◆ **Input data**
- - - - -

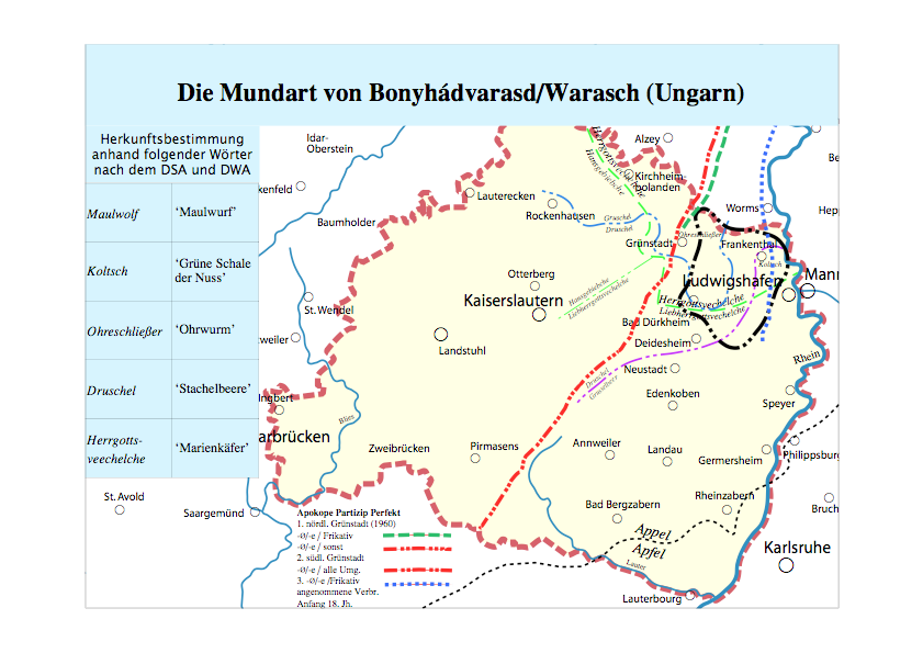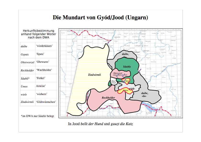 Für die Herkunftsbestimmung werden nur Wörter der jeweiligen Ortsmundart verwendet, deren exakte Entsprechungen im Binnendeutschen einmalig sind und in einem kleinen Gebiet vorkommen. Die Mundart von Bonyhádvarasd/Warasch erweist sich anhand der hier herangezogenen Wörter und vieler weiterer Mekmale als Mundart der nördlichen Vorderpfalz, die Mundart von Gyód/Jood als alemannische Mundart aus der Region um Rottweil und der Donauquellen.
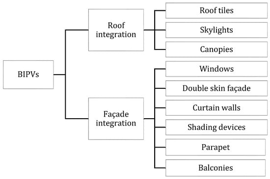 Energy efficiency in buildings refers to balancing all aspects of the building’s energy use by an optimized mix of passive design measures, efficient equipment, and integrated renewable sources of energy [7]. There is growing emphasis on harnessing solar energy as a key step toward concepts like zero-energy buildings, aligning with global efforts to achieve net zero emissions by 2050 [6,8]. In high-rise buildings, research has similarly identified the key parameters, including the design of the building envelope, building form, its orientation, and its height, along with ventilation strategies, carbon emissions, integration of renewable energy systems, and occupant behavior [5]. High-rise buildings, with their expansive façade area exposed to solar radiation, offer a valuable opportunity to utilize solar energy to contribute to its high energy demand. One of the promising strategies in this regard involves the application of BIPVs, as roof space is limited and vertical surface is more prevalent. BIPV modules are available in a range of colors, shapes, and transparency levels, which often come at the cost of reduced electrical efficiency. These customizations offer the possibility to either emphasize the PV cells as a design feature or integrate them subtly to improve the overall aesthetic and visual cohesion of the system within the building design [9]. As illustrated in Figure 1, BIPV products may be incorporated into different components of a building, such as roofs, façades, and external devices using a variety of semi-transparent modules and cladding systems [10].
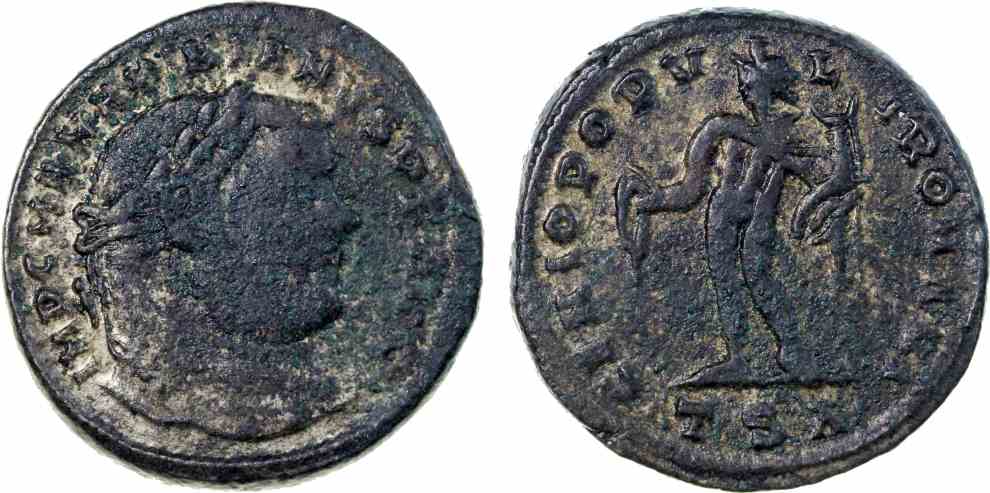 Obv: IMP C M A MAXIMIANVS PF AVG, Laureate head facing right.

- - - - -

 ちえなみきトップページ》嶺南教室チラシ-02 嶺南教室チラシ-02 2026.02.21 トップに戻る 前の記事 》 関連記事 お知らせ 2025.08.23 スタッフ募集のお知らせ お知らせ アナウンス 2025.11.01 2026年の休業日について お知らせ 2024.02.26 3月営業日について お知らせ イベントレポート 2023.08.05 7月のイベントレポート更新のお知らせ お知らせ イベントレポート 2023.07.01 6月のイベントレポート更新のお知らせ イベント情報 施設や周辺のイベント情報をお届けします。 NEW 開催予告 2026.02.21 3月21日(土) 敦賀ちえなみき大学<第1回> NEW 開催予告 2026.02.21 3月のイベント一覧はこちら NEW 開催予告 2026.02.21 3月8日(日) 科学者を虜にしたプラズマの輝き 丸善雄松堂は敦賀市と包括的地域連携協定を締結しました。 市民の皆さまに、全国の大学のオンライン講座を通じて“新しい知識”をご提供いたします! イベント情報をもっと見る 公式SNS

- - - - -

◆ **Requirement**
In the listing above, find the line with "Für die Herkunftsbestimmung" and the line with "Obv: IMP C M". Set down both and every line between them, minus the pictures.

◆ **Written response**
 Für die Herkunftsbestimmung werden nur Wörter der jeweiligen Ortsmundart verwendet, deren exakte Entsprechungen im Binnendeutschen einmalig sind und in einem kleinen Gebiet vorkommen. Die Mundart von Bonyhádvarasd/Warasch erweist sich anhand der hier herangezogenen Wörter und vieler weiterer Mekmale als Mundart der nördlichen Vorderpfalz, die Mundart von Gyód/Jood als alemannische Mundart aus der Region um Rottweil und der Donauquellen.
 Energy efficiency in buildings refers to balancing all aspects of the building’s energy use by an optimized mix of passive design measures, efficient equipment, and integrated renewable sources of energy [7]. There is growing emphasis on harnessing solar energy as a key step toward concepts like zero-energy buildings, aligning with global efforts to achieve net zero emissions by 2050 [6,8]. In high-rise buildings, research has similarly identified the key parameters, including the design of the building envelope, building form, its orientation, and its height, along with ventilation strategies, carbon emissions, integration of renewable energy systems, and occupant behavior [5]. High-rise buildings, with their expansive façade area exposed to solar radiation, offer a valuable opportunity to utilize solar energy to contribute to its high energy demand. One of the promising strategies in this regard involves the application of BIPVs, as roof space is limited and vertical surface is more prevalent. BIPV modules are available in a range of colors, shapes, and transparency levels, which often come at the cost of reduced electrical efficiency. These customizations offer the possibility to either emphasize the PV cells as a design feature or integrate them subtly to improve the overall aesthetic and visual cohesion of the system within the building design [9]. As illustrated in Figure 1, BIPV products may be incorporated into different components of a building, such as roofs, façades, and external devices using a variety of semi-transparent modules and cladding systems [10].
 Obv: IMP C M A MAXIMIANVS PF AVG, Laureate head facing right.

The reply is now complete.